● **PROMPT**:
Output only the lines that run from the line holding "本次課程由勞動部勞動條件及就" to the end of the data below, including both ends, without any pictures.

● **GIVEN DATA**:
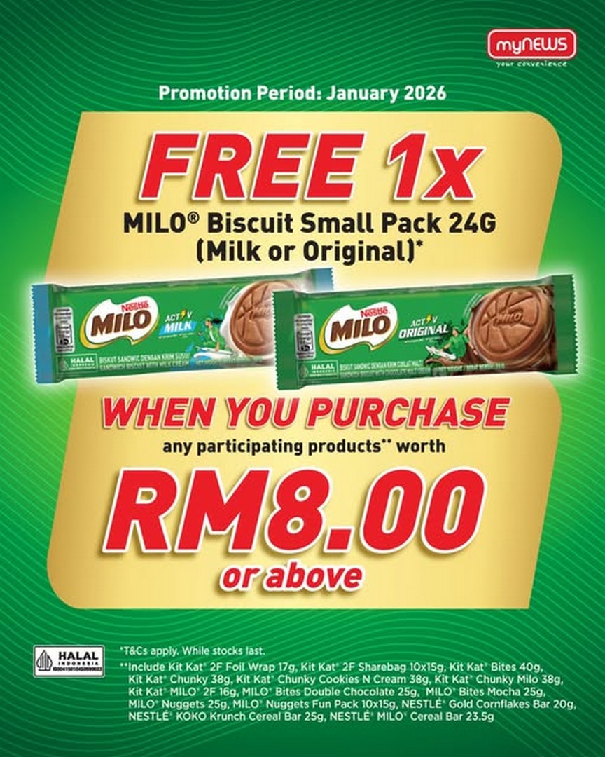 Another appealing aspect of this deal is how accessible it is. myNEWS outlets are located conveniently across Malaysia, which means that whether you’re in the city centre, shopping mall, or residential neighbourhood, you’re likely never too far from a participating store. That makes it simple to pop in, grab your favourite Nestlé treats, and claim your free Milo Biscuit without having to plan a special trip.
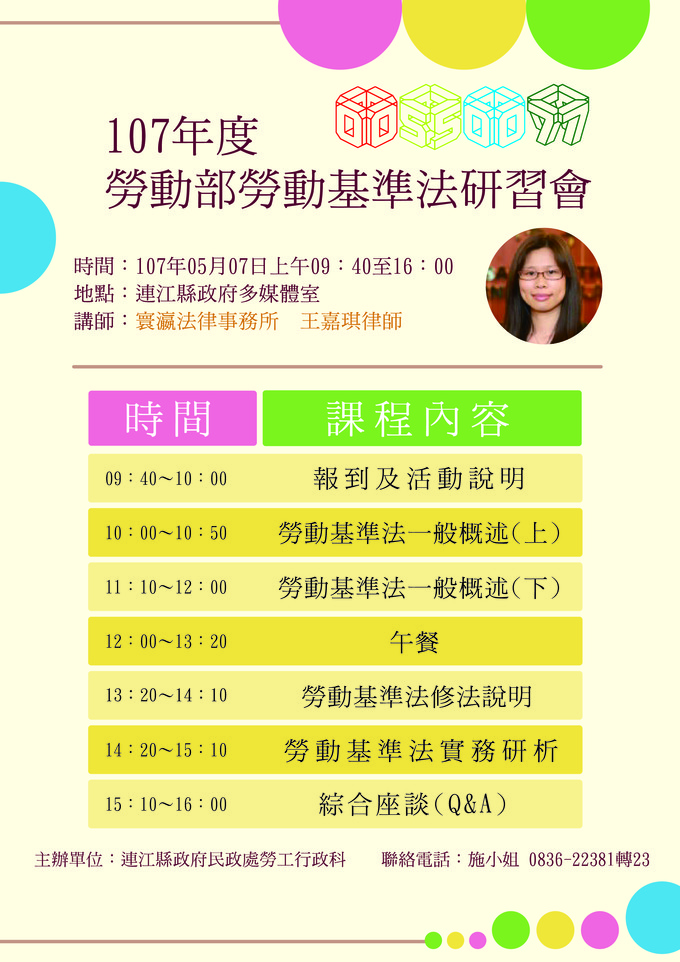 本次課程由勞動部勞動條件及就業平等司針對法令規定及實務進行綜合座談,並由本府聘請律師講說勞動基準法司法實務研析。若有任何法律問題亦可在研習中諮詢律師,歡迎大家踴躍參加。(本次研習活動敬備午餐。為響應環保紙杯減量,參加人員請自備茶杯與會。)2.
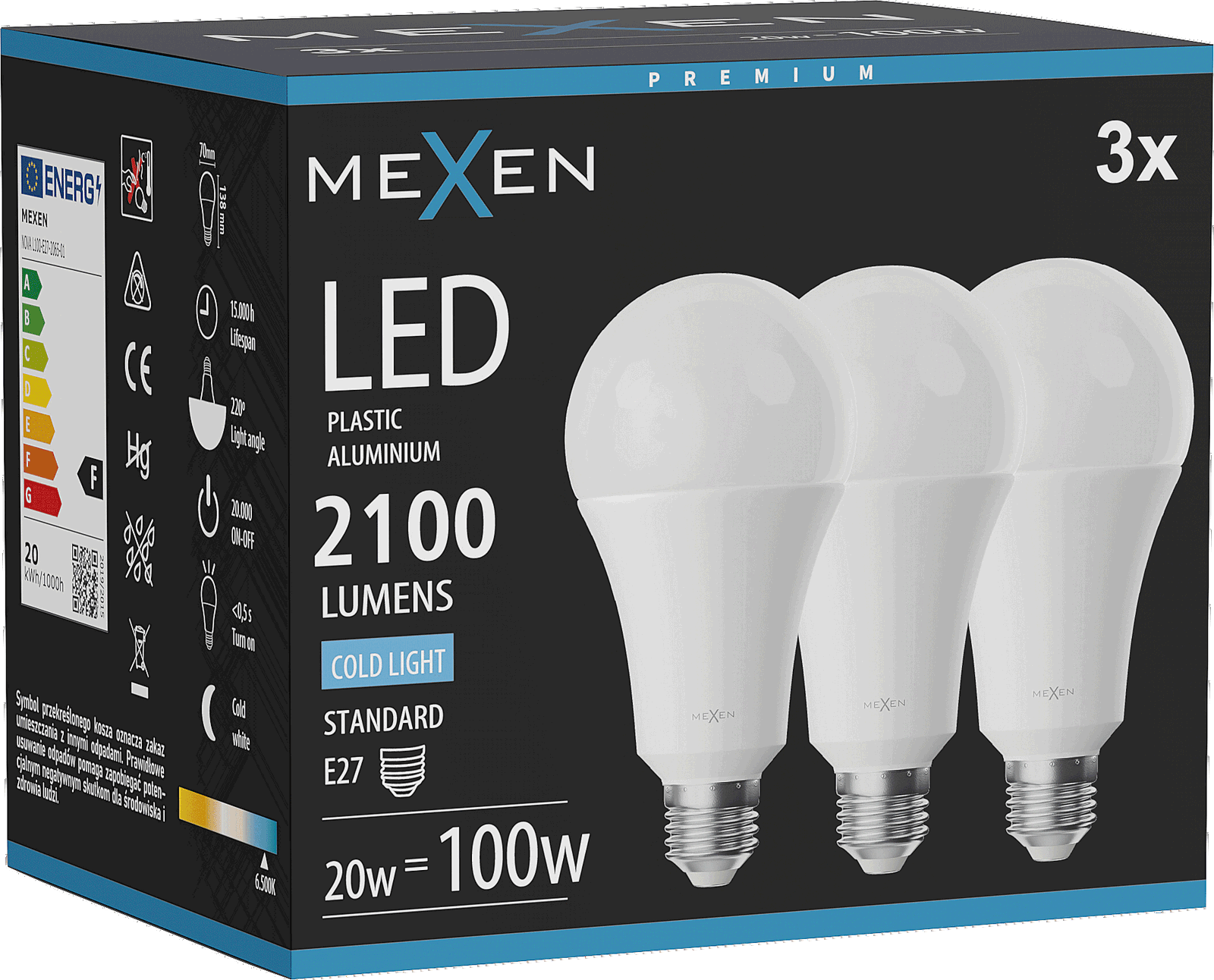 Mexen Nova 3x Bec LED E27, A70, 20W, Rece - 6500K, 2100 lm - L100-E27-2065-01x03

● **YOUR SOLUTION**:
 本次課程由勞動部勞動條件及就業平等司針對法令規定及實務進行綜合座談,並由本府聘請律師講說勞動基準法司法實務研析。若有任何法律問題亦可在研習中諮詢律師,歡迎大家踴躍參加。(本次研習活動敬備午餐。為響應環保紙杯減量,參加人員請自備茶杯與會。)2.
 Mexen Nova 3x Bec LED E27, A70, 20W, Rece - 6500K, 2100 lm - L100-E27-2065-01x03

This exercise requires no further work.